Wilson echoed those sentiments.

“We have gone clear to the governor with our request and no one wants to put it in writing,” Wilson said. “Nothing forbids us. If it’s that illegal, they would have forced it down my throat. Show us something or shut up.

“We have written to the governor, state representatives; no one will go on record as to where (in the law it says) we can’t,” he added. “If you’re not going to show us, and we’re looking at the same stuff and can’t find anything, we’re going to push forward. Show me gentlemen, and I’ll shut up.”

How to play

Wilson’s idea involves a lottery format in which bettors go online and purchase sets of numbers for $2 or $3 apiece. Ten sets of numbers would be drawn, with each winning combination worth $5,000. Half of the sets drawn will have winners, so $25,000 would go to five players and $25,000 would be carried to the next jackpot.

The odds are better than most lotteries, too, with a 50:50 chance on the sets of numbers drawn.

Under Wilson’s proposal, 50 percent of proceeds would go into the jackpot, 15 percent apiece to the county and community enhancement, 10 percent to operating costs and 8 percent to a rainy day fund. He would receive 2 percent for his work.

The lottery, Wilson proposes, would be overseen by a board of at least five members, including three volunteer citizens – one from each geographic area of the county – a citizen appointed by the copyright holder and possibly a county commissioner.

The five-member board would oversee a minimum of three committees, each made up of at least three people for each of the geographic areas. They would evaluate requests for funding and send those lists to the lottery board for review.

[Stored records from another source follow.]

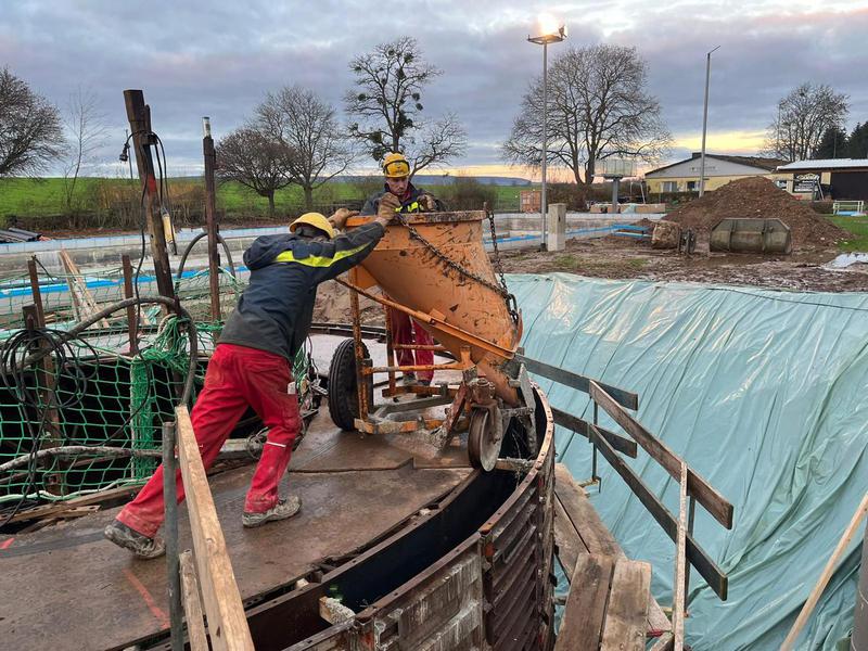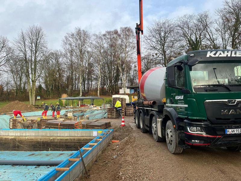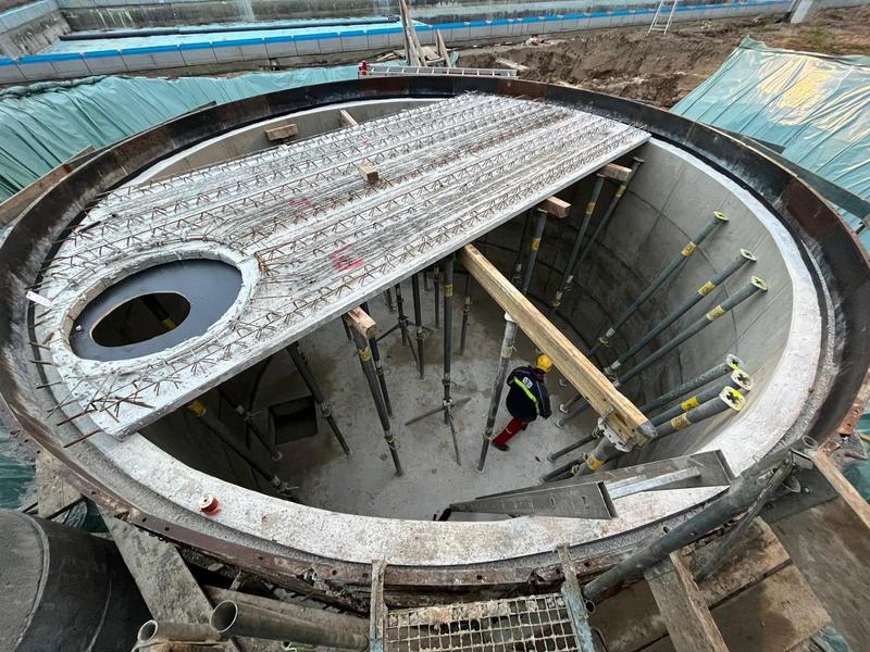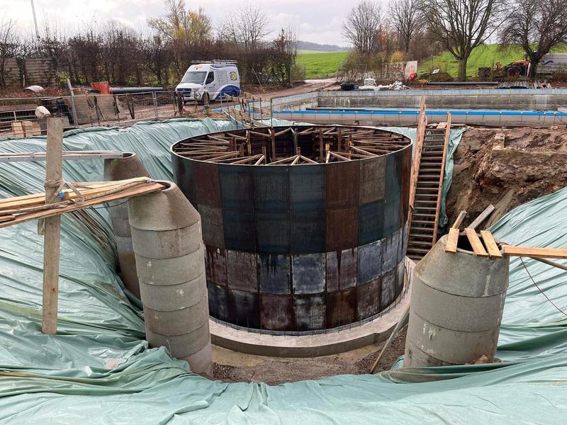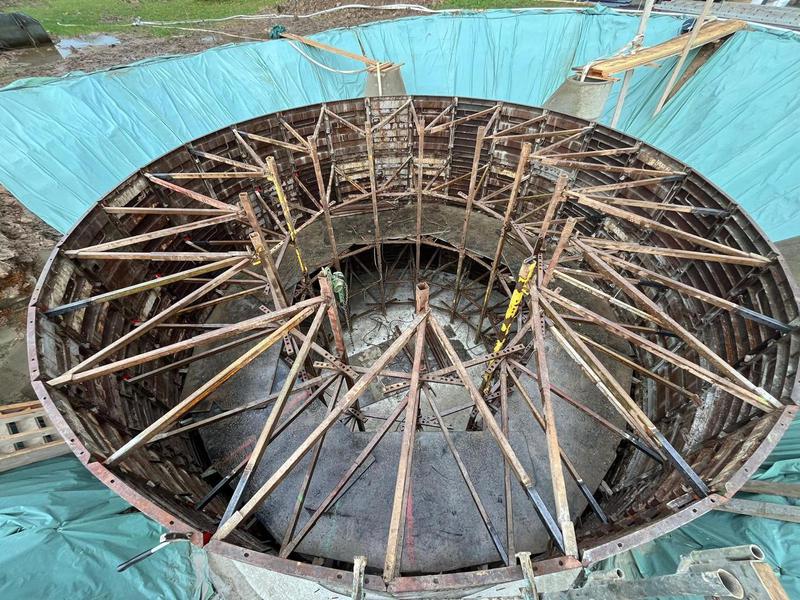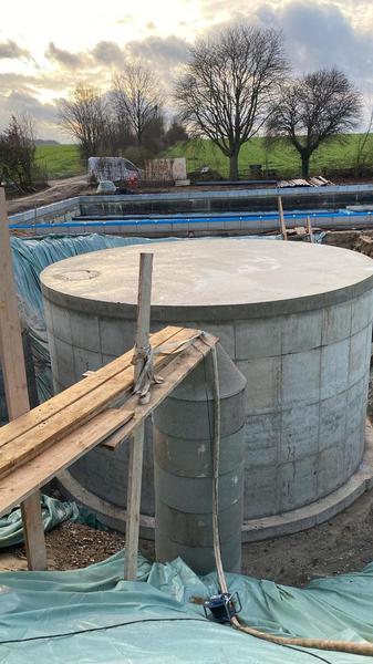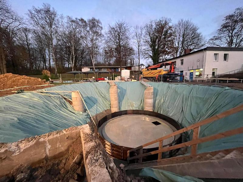 Die Betonarbeiten am Schwallwasserbehälter sind in den geplanten 7 Tagen fertig gestellt worden. Vielen Dank an alle Beteiligten für die saubere und termingerechte Umsetzung. Jetzt heißt es die 28 Tage bis zur erforderlichen Betonfestigkeit weiter die Grundwasserabsenkung im Auge zu behalten, damit die „Dose“ nicht aufschwimmt. Parallel geht es mit dem Rohrleitungsbau weiter.
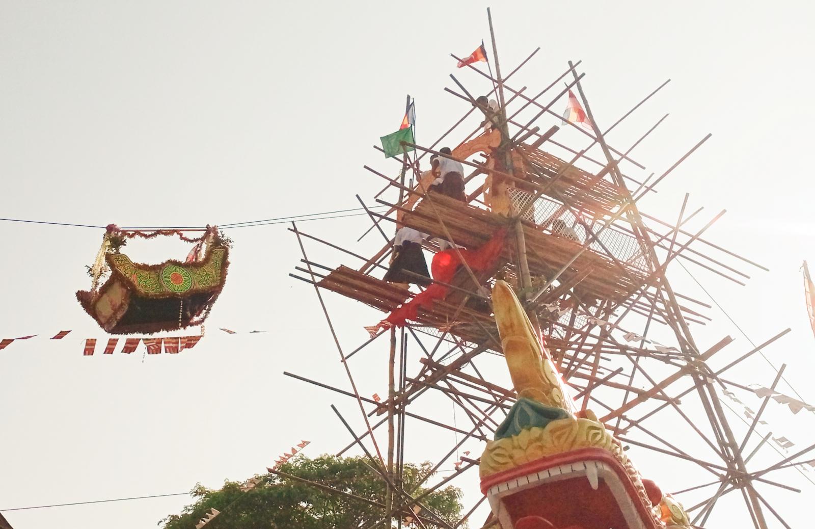 ရှေးဦးစွာ ကျိုက်ထိုဇောတိကာရုံကျောင်းတိုက်၊ မြို့နယ်သံဃနာယကအဖွဲ့ ဥက္ကဋ္ဌ ဆရာတော် ဘဒ္ဒန္တဣန္ဒာစရိယနှင့် ဆရာတော်၊သံဃာတော်များ၊ ဧည့်ပရိတ်သတ် အပေါငက စေတီတော် ကြီးအား လက်ယာရစ်လှည့်လည် ဖူးမြော်ကြည်ညိုပြီး မြို့နယ်သံဃနာယကအဖွဲ့ ဥက္ကဋ္ဌ ဆရာတော် ဘဒ္ဒန္တဣန္ဒာစရိယက ပရိတ်နံ့သာ ည်များ ပက်ဖျန်းကြကာ သီရိဓမ္မမဟာပဋ္ဌာန ဆုတောင်းပြည့်စေတီတော်မြတ်အား ထီးတော်တင်လှူခြင်း၊ ဗုဒ္ဓါဘိသေက အနေကဇာတင်လှူ ခဲ့ကြသည်။
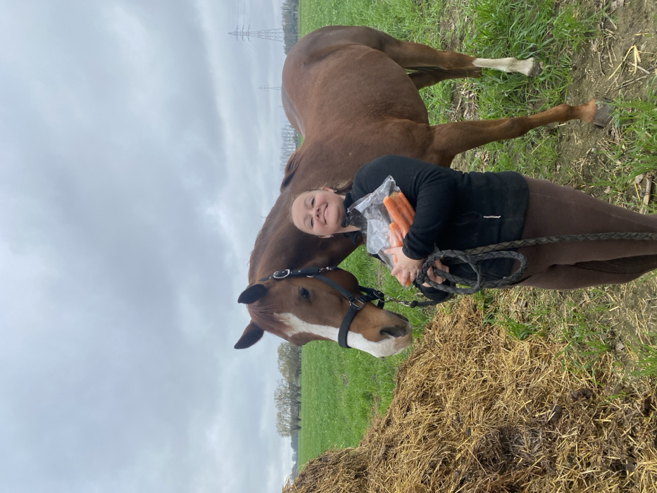 An outdoor scene in Estaimpuis, Belgium, captured under an overcast, light grey sky. A single adult female stands slightly right of center, smiling towards the camera. She wears a black long-sleeved top and dark brown riding pants. In her left arm, she holds a clear plastic bag containing approximately six large orange carrots. Her right hand grasps a black braided lead rope, which extends to a brown (bay) horse positioned immediately to her right. The horse has a prominent white blaze on its face and white socks on its lower legs, wearing a black halter, and is oriented with its head facing left. To the far left of the frame, a substantial, irregularly shaped mound of golden-brown hay or straw is present. The background features a green grassy field, with a distant line of leafless deciduous trees visible on the left horizon. A large metal electricity pylon and associated power lines are discernible in the far background on the right.
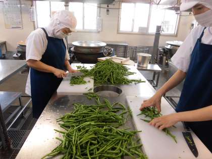 今日は、旬の「三度豆」と、スープに「てぼ豆」が入っています。
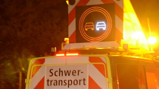 Derzeit werden 68 Meter lange Flügel für eine neue Windkraftanlage in der Gemarkung Salz mit einem ferngesteuerten Fahrzeug vom Zwischenlager an der B8 zum Windpark zwischen Weltersburg und Girkenroth transportiert. Zu nächtlicher Stunde sind die betroffenen Straßen temporär nicht passierbar. Markus Müller
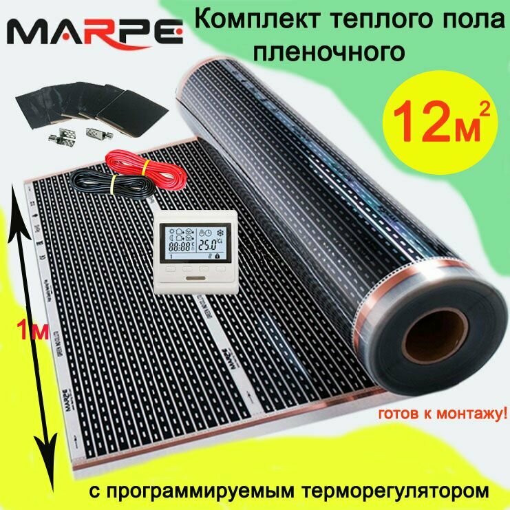 Пленочный теплый пол 12 м. кв. с программируемым терморегулятором, ширина 100 см: сравнение цен, характеристики, фото, актуальное наличие и цены.

“There will be no restrictions on requests for funding,” Wilson wrote. “From Little League to Scouts, police and fire departments, to school groups and senior organizations – all requests for funds will be considered and evaluated according to need and available funds.”

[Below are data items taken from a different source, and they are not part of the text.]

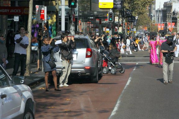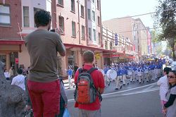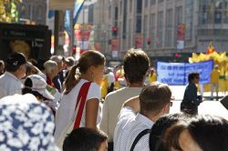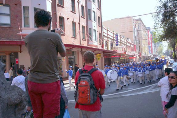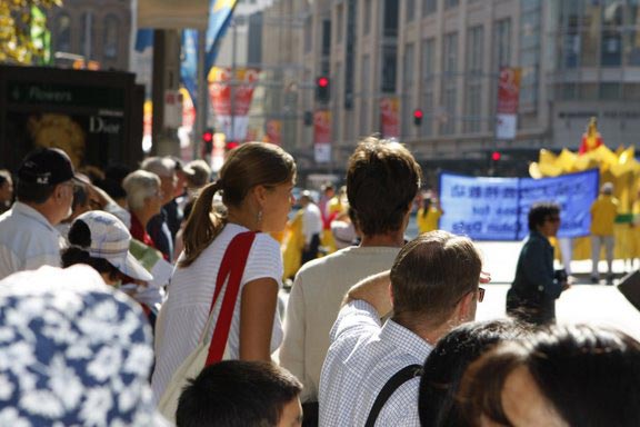 上午十一点钟,游行队伍浩浩荡荡的从悉尼市政厅广场向中国城出发。游行队伍分成三大部份,第一方阵展现法轮大法的美好,第二方阵反迫害,第三方阵是九评、退党。游行从悉尼市政厅开始,沿着市中心最繁华的乔治大街,经过唐人街到达悉尼娱乐中心。游行队伍中有男女老少以及不同族裔的法轮功修炼者,吸引众多民众观看,特别是来自大陆的华人和游客,纷纷拿起相机将这历史的珍贵瞬间保存下来。也有不少华人在主动索要真相资料,并询问哪里可以学功。
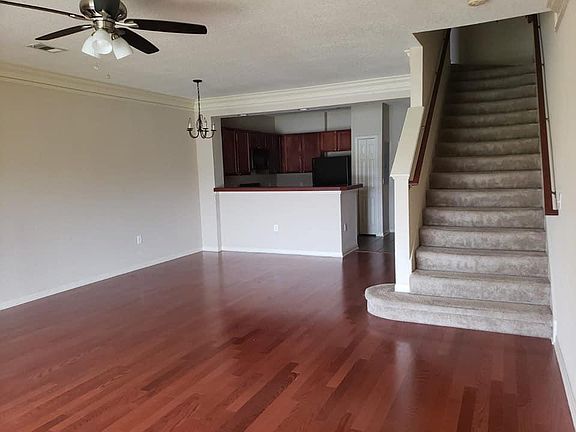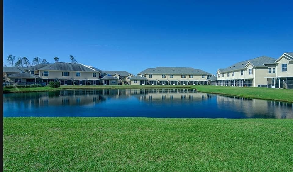 2 story lakefront town home in gated community which has a community pool and clubhouse. This is a 2 bedroom with 2.5 baths. Raised ceilings and crown molding. Bedrooms are spacious w/walk in closets and full baths in each bedroom. Master bath has double vanity and shower/garden tub. The upstairs also has an open room area for an office/tv lounge. 1/2 bath downstairs. Kitchen has built in microwave, refrigerator w/ice maker, electric stove/oven. Kitchen has spacious granite counter tops with a breakfast bar and opens up to dining room area. Back screened porch with view of lake and fountain. Has washer/dryer room and one car garage with driveway for another car. 12 month lease term
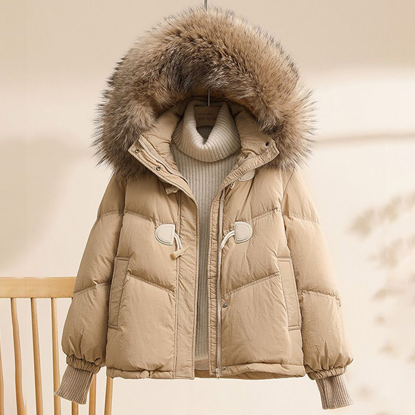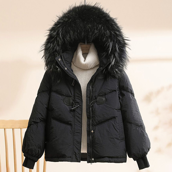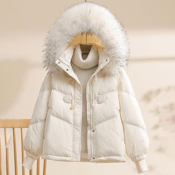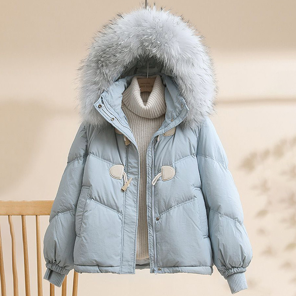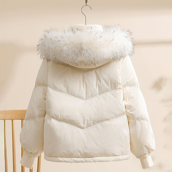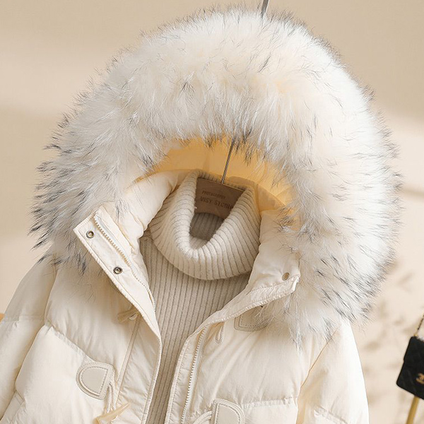 White Duck Down Jacket Loose Fit with Thick Warmth and Raccoon Big Fur Collar
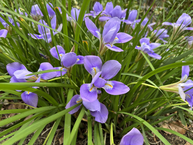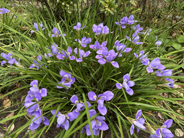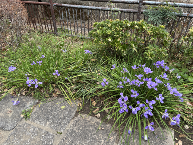 上坂部西公園でカンザキアヤメが咲いています。 カンザキアヤメ(寒咲菖蒲)はアヤメ科アヤメ属の多年草。 開花期は1月から3月で、葉の間から花茎を伸ばして、薄い紫から青色の花を咲かせます。 アヤメが60センチメートルになるのに対して15から20センチメートルとかなり小型です。 上坂部川の西側でご覧いただけます。

Wilson projects, for example, that if the first week brought in $100,000 in ticket sales, half would go to the county and the rest to the jackpot.

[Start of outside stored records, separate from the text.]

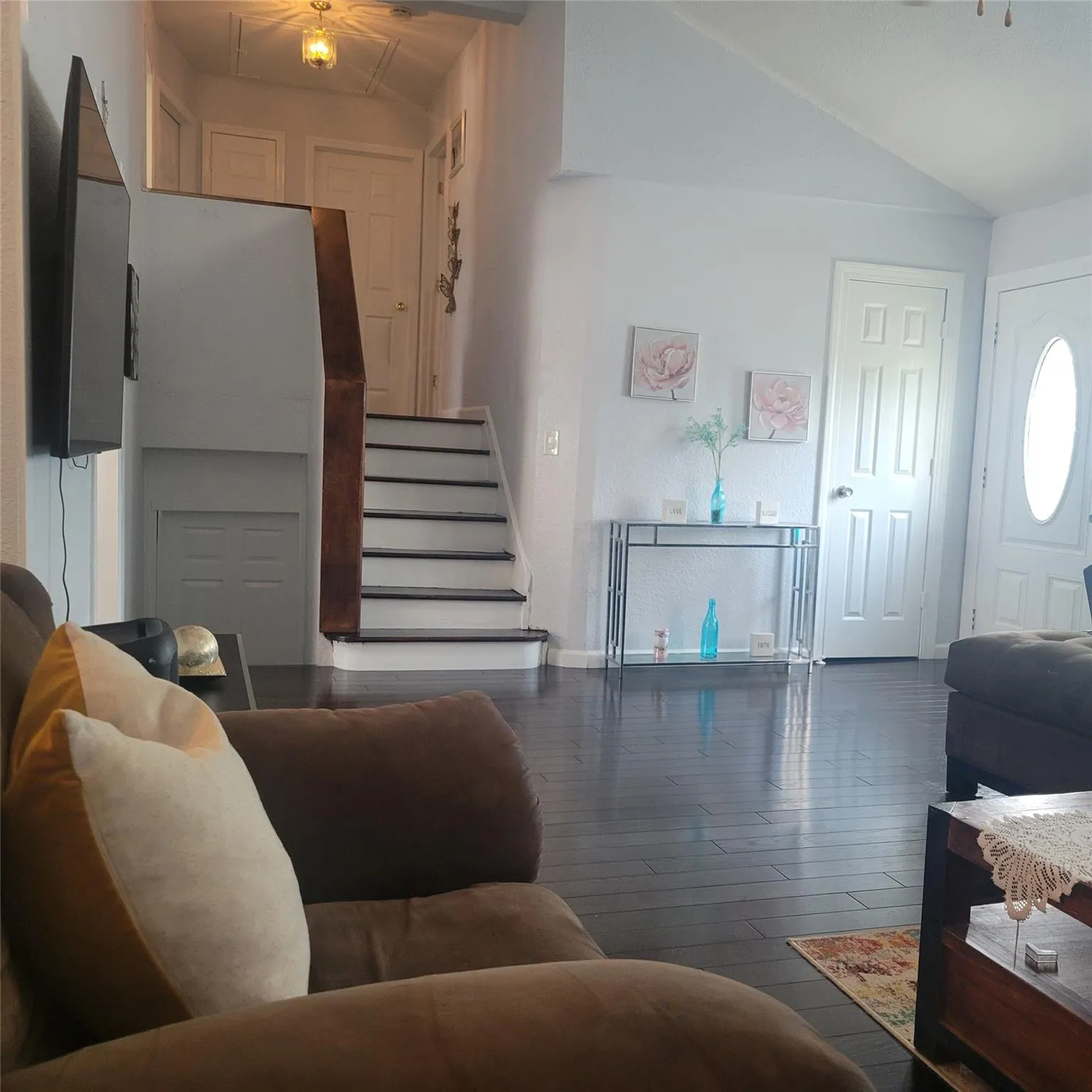 "LongDescription" => "Living area with wood finished floors, vaulted ceiling, and stairs"
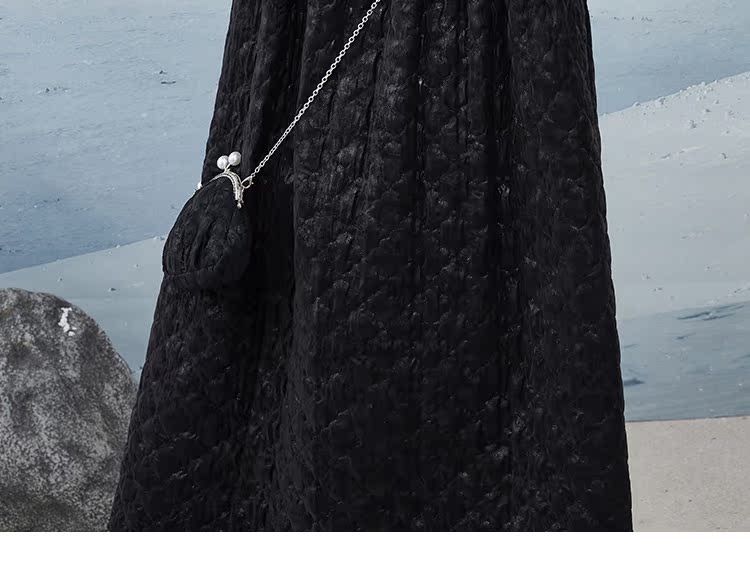戎美 法式萬用小黑裙【真絲絲絨系列】圓領宴會仙女 長裙連衣裙
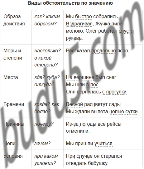 Прочитайте теоретический материал о видах обстоятельств и представьте его в форме таблицы, в которой обязательно приведите свои примеры. Словами каких частей речи могут быть обстоятельства? Включите ответ на этот вопрос в свою таблицу.

At the end of seven weeks, Wilson projects, the county would receive $412,500 and winners would get $310,000.

“Even if it took some time to reach these figures, it would still be profitable,” Wilson wrote. “Based on these projections, in one year, $3 million would go to the county and $2 million to $3 million to winners, based on ticket sales.”

The county’s percentage of the funds would be capped – the proposal doesn’t indicate a percentage – that can be raised to account for inflation. When that cap is reached, excess funds would be diverted into a Community Enhancement Fund.

That fund would be comprised of three pots of money, one for each geographic area of the county, with revenue to each based on the amount of money generated in each part of the county.

Revenue would be awarded to charitable, educational, benevolent or community-centered groups for activities and needs – regardless if they are recognized by the federal government as being non-profit organizations.

The Rainy Day Fund would be used in the event of a disaster, although the overview doesn’t indicate what that might include.

“And startup costs would be nowhere near the $500,000, like a sales tax,” DeHaven said. “Tops 75, 100 grand.”

Smith is curious about the thinking – and all the work so far – behind the proposal.

“It could be possibly a diversion to the whole (tax) issue,” he said. “I’m at a loss. If I was able to change the law, I would change the Endangered Species Act so we can go back in the forests and put people back to work in the woods. But this (lottery) is just something we cannot do.”

“This is for the betterment of the people,” DeHaven said. “It’s just a good idea – altruism at its finest.”

He said people he’s talked to have been overwhelmingly supportive of the idea.

“People are digging it,” he said. “Even if you don’t play, a better economy affects everybody. It betters the community.